Elm doesn't ship with NonEmpty in the standard lib, not sure why. Could be a decision to keep the stdlib as small as possible, could be there's tradeoffs to making NonEmpty pervasive that I'm unaware.

I noticed Roc doesn't have NonEmpty yet, and was curious: do folks have an opinion about making NonEmpty pervasive/normative in a language's ecosystem, and thoughts on how to go about it in Roc?

view this post on Zulip Martin Stewart (Aug 28 2022 at 20:07):

I've started on something like this https://github.com/MartinSStewart/roc-nonempty with the hope that we can have a single package handling common nonempty use cases, rather than ending up with functions just returning (a, List a) or having multiple competing packages.

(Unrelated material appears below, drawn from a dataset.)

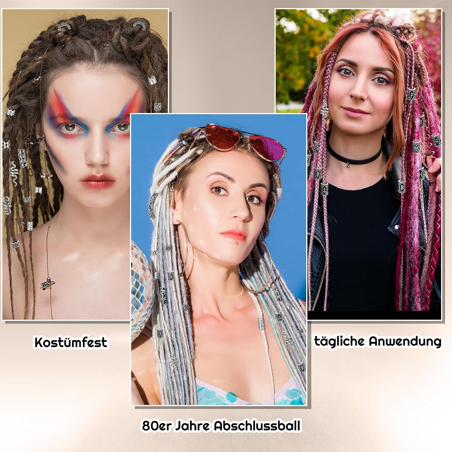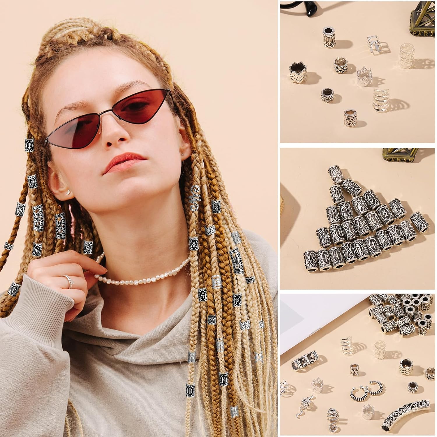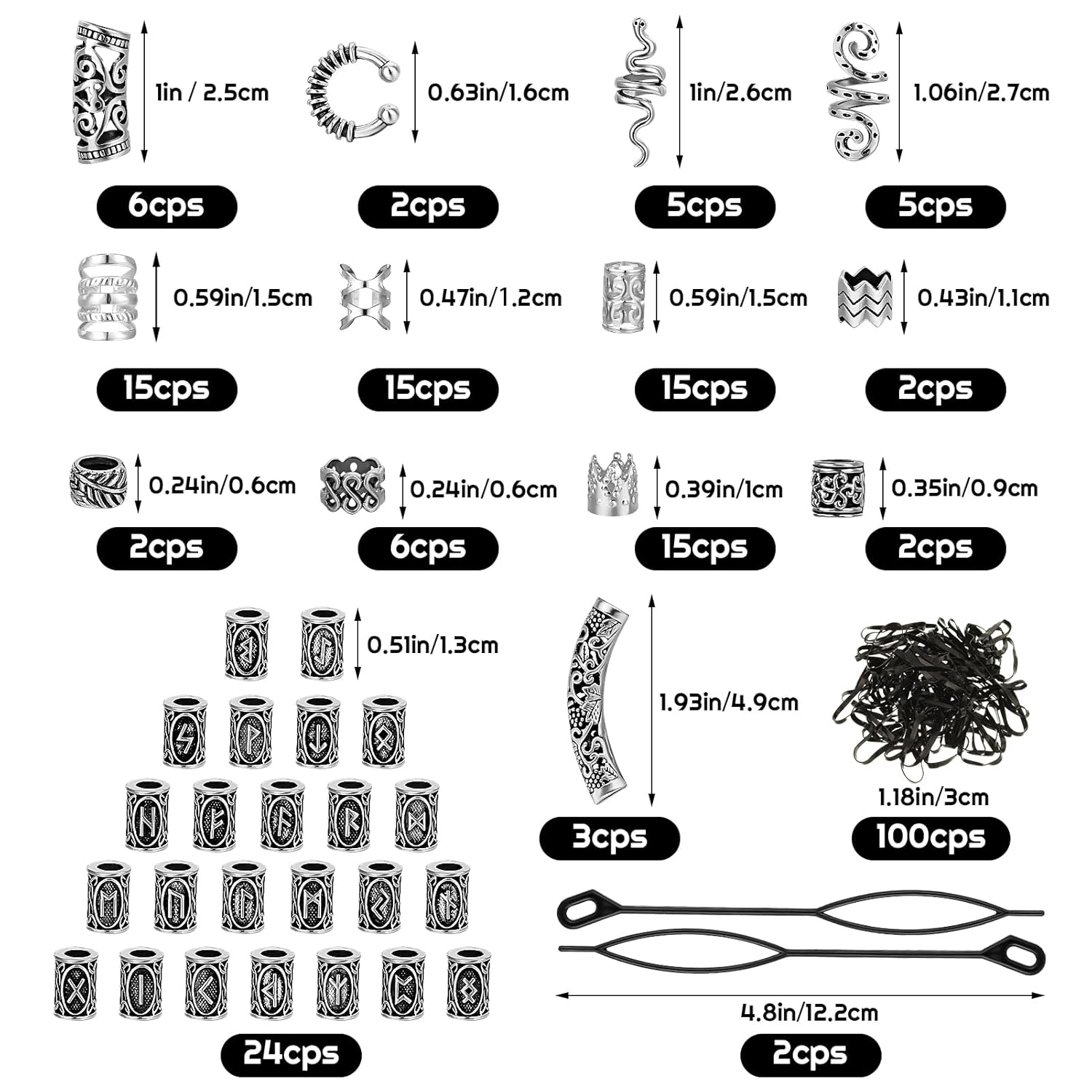 【Incluso】Riceverai 107 pezzi di accessori per capelli in argento, 100 elastici, 2 infila capelli, confezionati in una scatola trasparente per riporli in modo comodo e veloce. Progettato per un design brillante, classico e bello, questo accessorio per capelli color oro si abbina bene con extension e trecce per capelli, donandoti il look chic perfetto. 【Materiale】 Questo accessorio per capelli color argento è più resistente dei normali pezzi in alluminio. I gioielli intrecciati sono realizzati con materiali in lega di alta qualità e tecnologia galvanica. Dopo la galvanizzazione ha una buona duttilità e durezza, non arrugginisce, non sbiadisce, è morbido ed elastico e non danneggia i capelli. Le perle per capelli nordici presentano una superficie in metallo bronzato su ciascun lato e un simbolo nordico al centro per un 【Facile da usare】 Gli accessori per capelli color argento possono essere attaccati a trecce di diversi spessori e stili. Basta intrecciare i capelli nello stile desiderato, quindi aprire gli accessori per capelli argento, posizionarli nella posizione desiderata sulla treccia o sulla barba e premerli completamente e saldamente.,Design regolabile: gli accessori per capelli argento hanno una buona flessibilità ed estensibilità ed sono regolabili. Puoi controllare la tenuta secondo necessità per soddisfare le tue diverse esigenze di accessori per capelli.,Ampia applicazione: puoi utilizzare perline per capelli Viking per trecce, barbe, code di cavallo, trecce e altri stili, alla moda e alla moda. Può essere utilizzato per l'uso quotidiano e in varie occasioni come feste, sfilate di moda, concerti, balli, ecc. È adatto anche come regalo per amanti, famiglia, amici e colleghi

Maybe it would make more sense to have this part of the standard Roc lib though.

view this post on Zulip Richard Feldman (Aug 28 2022 at 20:14):

so I had an idea around this awhile ago, but I wasn't convinced the stdlib complexity would be worth it

view this post on Zulip Richard Feldman (Aug 28 2022 at 20:15):

to me, one of the natural questions that comes up when you have nonempty lists is: what are the implications for APIs?

view this post on Zulip Richard Feldman (Aug 28 2022 at 20:15):

like for example, let's say I have Dict.fromList - do I also want Dict.fromNonEmptyList?

view this post on Zulip Richard Feldman (Aug 28 2022 at 20:16):

arguably not, because if I already have Dict.fromList, I can always call that passing NonEmpty.toList or something like that

view this post on Zulip Richard Feldman (Aug 28 2022 at 20:16):

but what if I have a function that accepts a List Str and returns a List Str?

view this post on Zulip Richard Feldman (Aug 28 2022 at 20:17):

now if I pass it a NonEmpty list (via NonEmpty.toList), the returned List has lost its "nonemptiness"

view this post on Zulip Richard Feldman (Aug 28 2022 at 20:18):

one possible solution to that is to say "if you're in that situation, just offer 2 versions, one for empty lists and one for nonempty lists"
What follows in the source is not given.